Historical population
| Census | Pop. | Note | %± |
| 2020 | 4,731 |  | — |
U.S. Decennial Census

===2020 census===
As of the 2020 census, the median age was 33.5 years. 30.6% of residents were under the age of 18 and 7.6% of residents were 65 years of age or older. For every 100 females there were 96.6 males, and for every 100 females age 18 and over there were 97.8 males age 18 and over.

90.0% of residents lived in urban areas, while 10.0% lived in rural areas.

There were 1,534 households in Lake Darby, of which 47.5% had children under the age of 18 living in them. Of all households, 65.2% were married-couple households, 11.9% were households with a male householder and no spouse or partner present, and 15.8% were households with a female householder and no spouse or partner present. About 12.7% of all households were made up of individuals and 3.8% had someone living alone who was 65 years of age or older.

There were 1,555 housing units, of which 1.4% were vacant. The homeowner vacancy rate was 0.5% and the rental vacancy rate was 0.0%.

Racial composition as of the 2020 census
| Race | Number | Percent |
|---|---|---|
| White | 3,981 | 84.1% |
| Black or African American | 121 | 2.6% |
| American Indian and Alaska Native | 10 | 0.2% |
| Asian | 81 | 1.7% |
| Native Hawaiian and Other Pacific Islander | 1 | 0.0% |
| Some other race | 158 | 3.3% |
| Two or more races | 379 | 8.0% |
| Hispanic or Latino (of any race) | 316 | 6.7% |

===2000 census===
As of the census of 2000, there were 3,727 people, 1,198 households, and 1,041 families residing in the CDP. The population density was 1,094.4 PD/sqmi. There were 1,238 housing units at an average density of 363.5 /sqmi. The racial makeup of the CDP was 94.18% White, 1.91% African American, 0.35% Native American, 0.56% Asian, 0.03% Pacific Islander, 0.86% from other races, and 2.12% from two or more races. Hispanic or Latino of any race were 1.56% of the population.

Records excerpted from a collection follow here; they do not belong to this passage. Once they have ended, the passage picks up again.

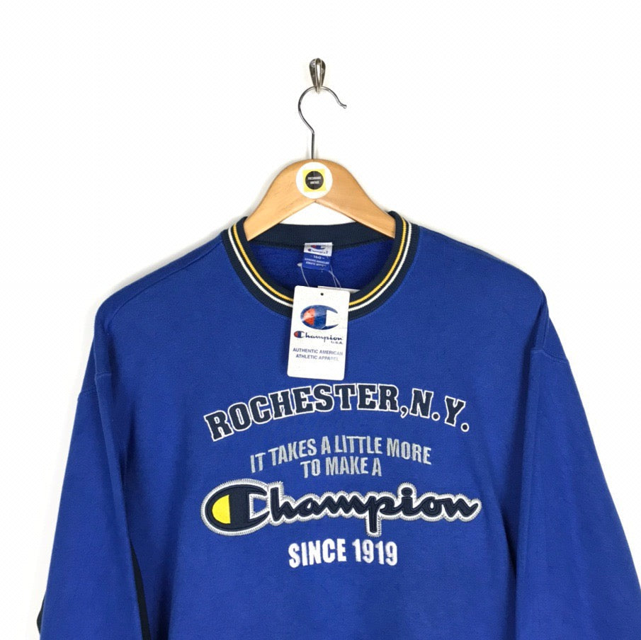 Vintage 90's BNWT Champion Reverse Weave Blue and White Spellout Crew Neck Sweatshirt Jumper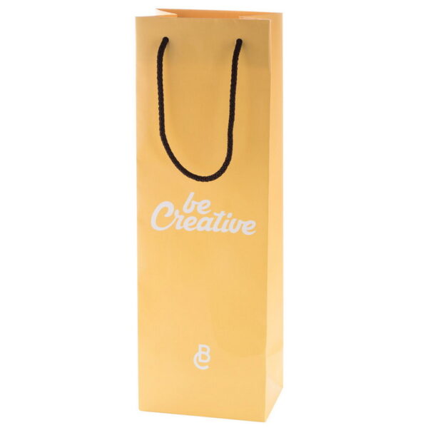 Individuelle Papier-Einkaufstasche mit Henkeln aus PP. Papier 200 Gramm, Glanz laminiert. Abmessungen: 130×390×90 mm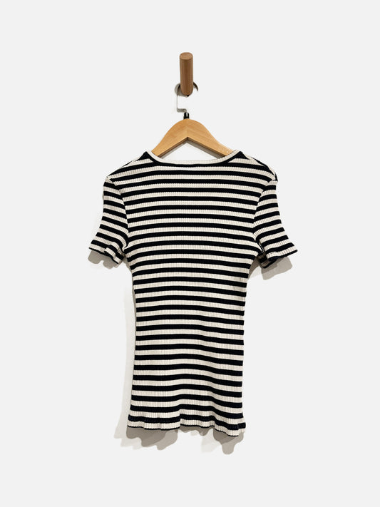 Theory Navy and White Stripe Ribbed SS Top - Small

There were 1,198 households, out of which 53.6% had children under the age of 18 living with them, 72.6% were married couples living together, 10.4% had a female householder with no husband present, and 13.1% were non-families. 10.1% of all households were made up of individuals, and 0.5% had someone living alone who was 65 years of age or older. The average household size was 3.10 and the average family size was 3.31.

The population was spread out, with 33.9% under the age of 18, 6.1% from 18 to 24, 40.5% from 25 to 44, 17.3% from 45 to 64, and 2.0% who were 65 years of age or older. The median age was 30 years. For every 100 females there were 97.0 males. For every 100 females age 18 and over, there were 97.8 males.

The median income for a household in the CDP was $61,843, and the median income for a family was $61,474. Males had a median income of $36,293 versus $30,385 for females. The per capita income for the CDP was $23,079. About 1.1% of families and 1.9% of the population were below the poverty line, including 2.4% of those under age 18 and none of those age 65 or over.
==Education==
The southern portion is in the South-Western City School District, and the northern portion is in the Hilliard City School District.